Fernando Ramos
La manipulación política de la denuncia contra Suárez
Del mismo modo que no tengo inconveniente en reconocer que estaba confundido cuando suponía que el rey Juan Carlos era un personaje que merecía gratitud por haber gestionado con notable acierto su participación en el periodo más delicado de la moderna historia del país, digo también que a pesar de su popularidad y de la fama de campechano y cachondo que exhibía Miguel Ángel Revilla, nunca me he fiado de su bonhomía ni he aceptado de buena voluntad sus recitales de populismo cateto. Por alguna razón, siempre supuse que no era trigo todo lo que asomaba en los comportamientos de político atípico mezcla de profesor heterodoxo y montañés zarzuelero que tanto le arreglaron la vida durante su paso por la política sobre todo, en los tiempos finales del periplo a pesar de que ya comenzaban a vérsele las enaguas. Juan Carlos terminó tirando por la ventana el respeto y el cariño que le profesaban diferentes estratos de la sociedad quienes todos juntos, constituían un apreciable, numeroso e interclasista fenómeno de masas que lo perdonaba todo y procuraba mirar para otro lado en la certeza de que el bien que aquel hombre le hacía al país era suficiente para disculpar sus veleidades, tarambanas y estrépitos. Revilla por su parte, representando el cansino papel de pasiego ilustrado experto en aplicar el sentido común en la resolución de problemas aparentemente irresolubles, se pasó de frenada y acabó convertido en una marioneta de sí mismo como aquellos muñegotes televisivos que hacían las delicias del público recién incorporado al reino de las televisiones privadas.

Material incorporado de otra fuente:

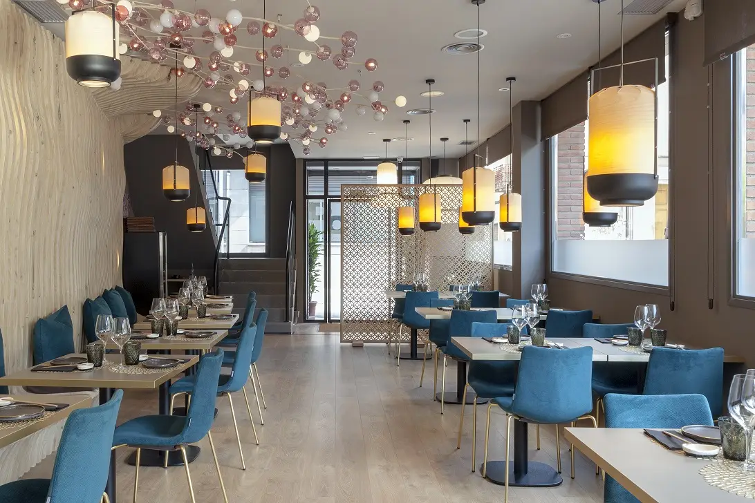 Decidimos trasladar esa experiencia poética a occidente en el diseño del espacio. El local se decoró con cerezos en flor y pequeños kodamas iluminados que aportan magia y misterio.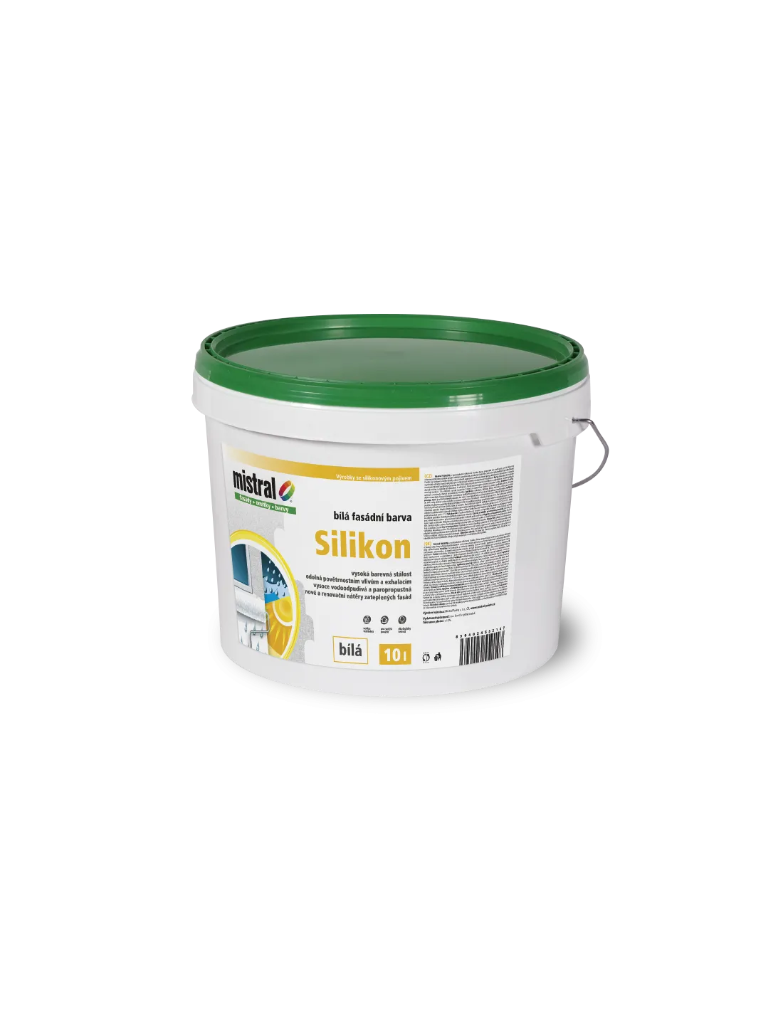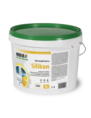 Silikonová fasádní barva, propustná pro vodní páry, odolná vůči prachu a povětrnostním vlivům.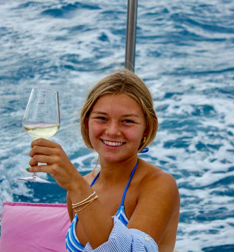 - End the day toasting on board in front of the spectacle of the sunset at sea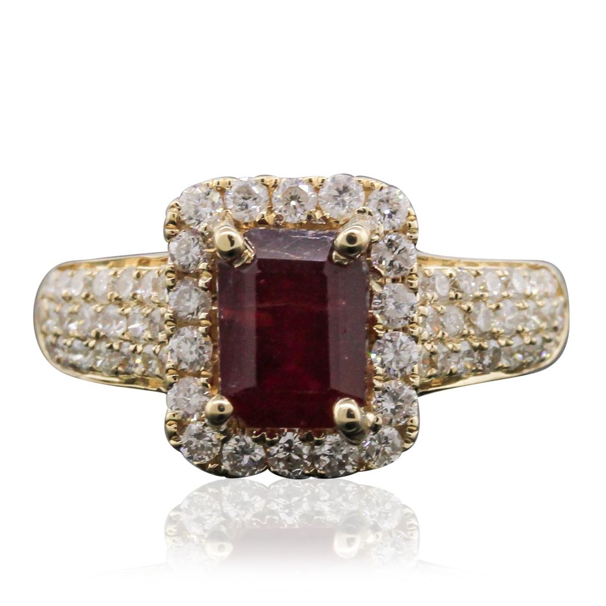 One electronically tested 14KT yellow gold Ladies combination cast & assembled ring with a bright polish finish. Condition is new. Identified with markings of "14K". Containing: Eighteen prong set round brilliant cut diamonds, measuring 1.50 - 1.50 x 0.90mm (depth est.) approximate. Total Weight of 18 Stones = 0.43ct. Clarity: I-1 to I-2. Color: I - J, Cut is Good. Forty-Two prong set round brilliant cut diamonds, measuring 1.30 - 1.30 x 0.78mm (depth est.) approximate. Total Weight of 42 Stones = 0.60ct. Clarity: I-1 to I-2. Color: H - I, Cut is Good. One prong set emerald standard step cut natural ruby, measuring 7.50 x 5.60 x 4.20mm, exact weight 2.09ct., clarity is heavily included, type II, dark, moderately strong, strongly purplish red color, (GIA stpR 7/4), cut is good. Colored gemstones are presumed to have been subjected to commonly used and possible undetectable color/clarity enhancement processes. Total Weight of Colored Stones 2.09ct. Total Weight of Diamonds 1.03ct. Total Weight of Ring 5.30 grams. GGL Appraised at $4,230.00.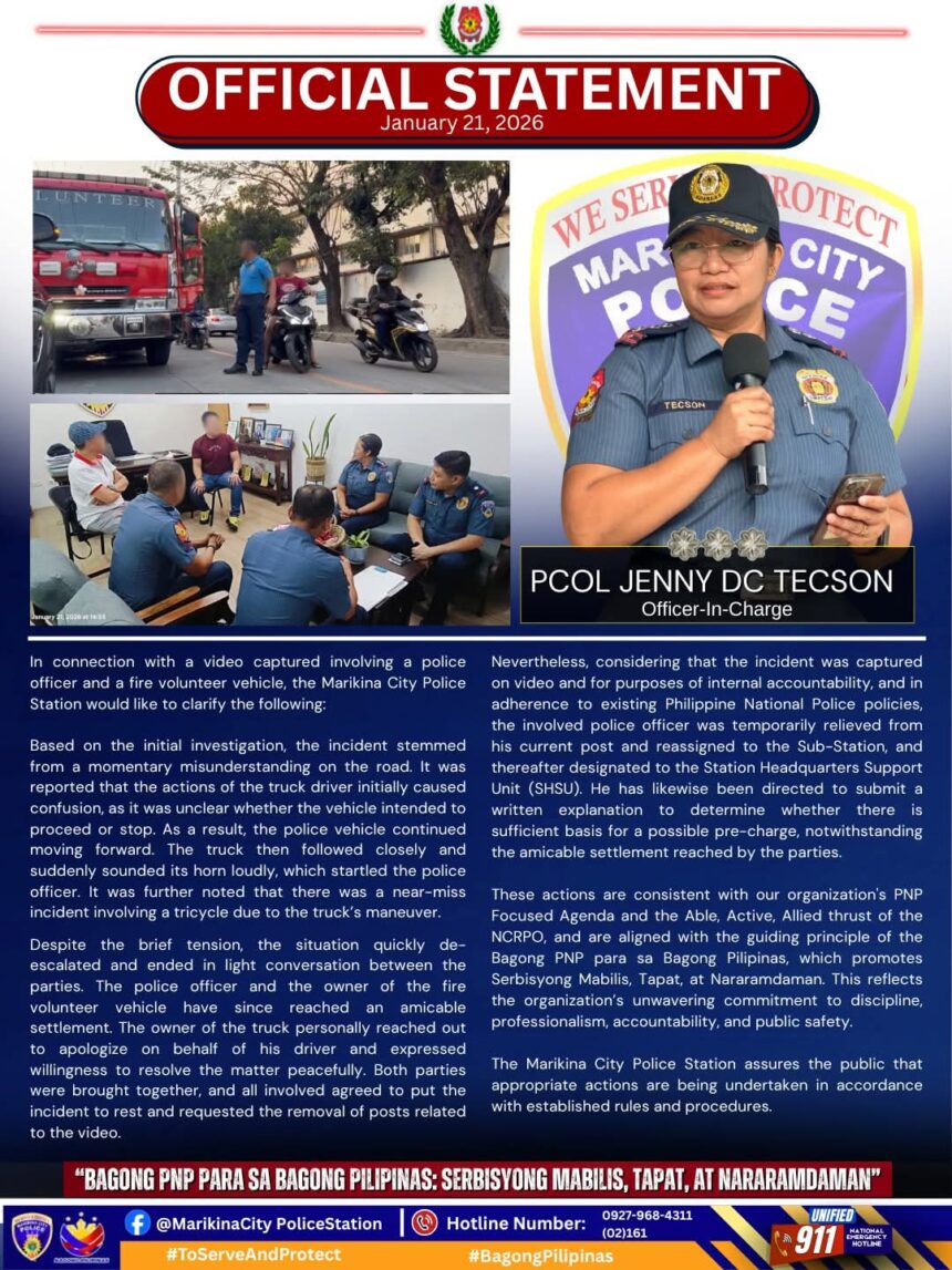 The Marikina City Police Station announced on Friday, January 23, that a police officer caught in a viral video blocking a volunteer fire truck has been temporarily relieved from his post.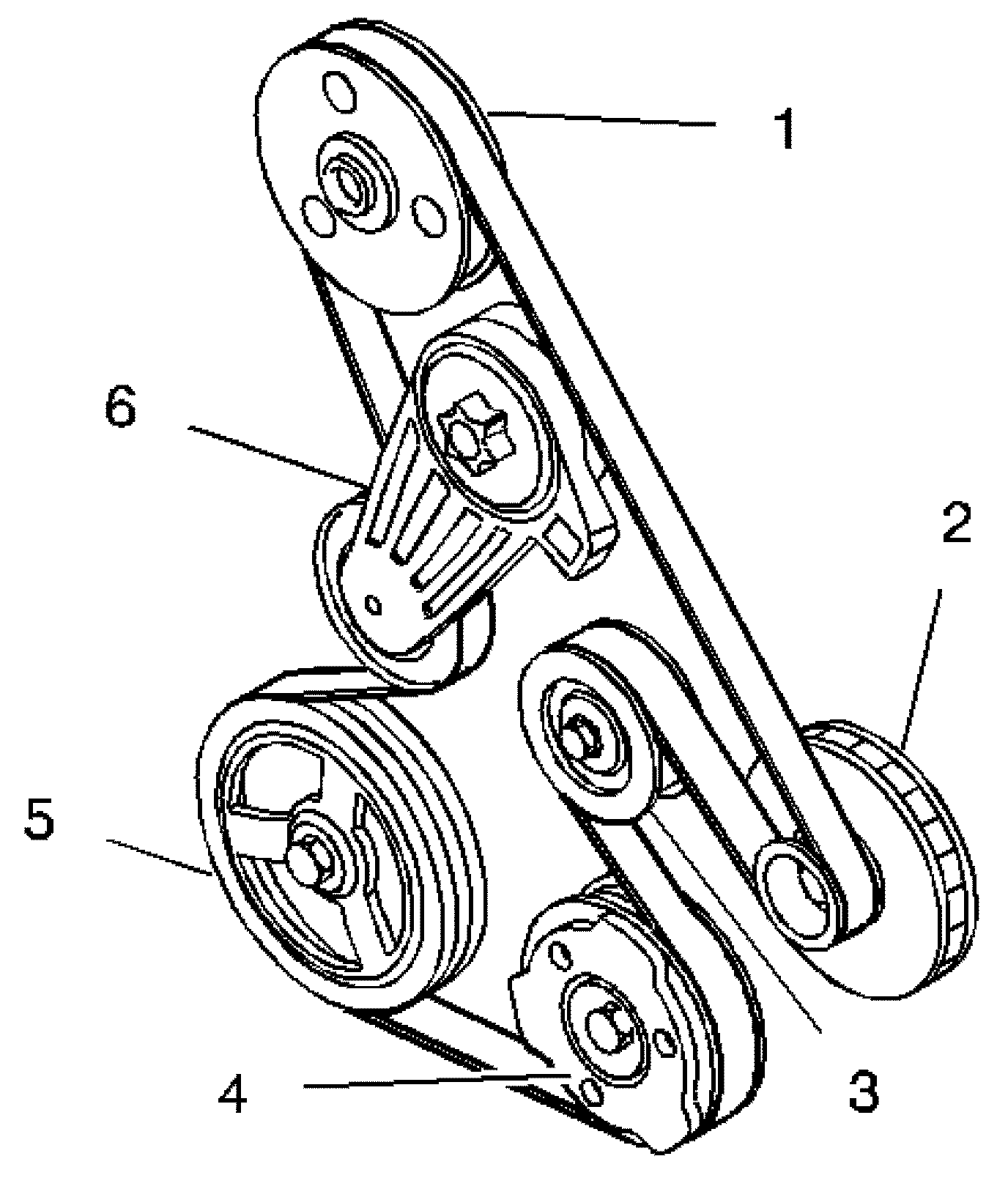 1. Thread the drive belt through all the pulleys except for the power steering pump (1) and the drive belt tensioner (6).

El comportamiento del Rey emérito no ha sido en modo alguno ejemplar si bien desde aquella desventurada odisea con un elefante de por medio, su prestigio cayó en picado hasta abocarlo a la renuncia, una historia que guarda muchas similitudes con los sucesos que dejaron sin corona a su antepasada la reina Isabel II. Pero el de Revilla tampoco, y no hace falta mas que repasar el comportamiento del profesor cántabro y su supuesta fraternal amistad con el monarca –el jovial encuentro en los urinarios regios, las latas de anchoas de regalo o los macutos de sobaos, las palmadas en la espalda y los achuchones públicos- para calibrar lo poco que había de leal y sincero en aquella camaradería tan estrecha. Puro cinismo y mucho Pablo Motos.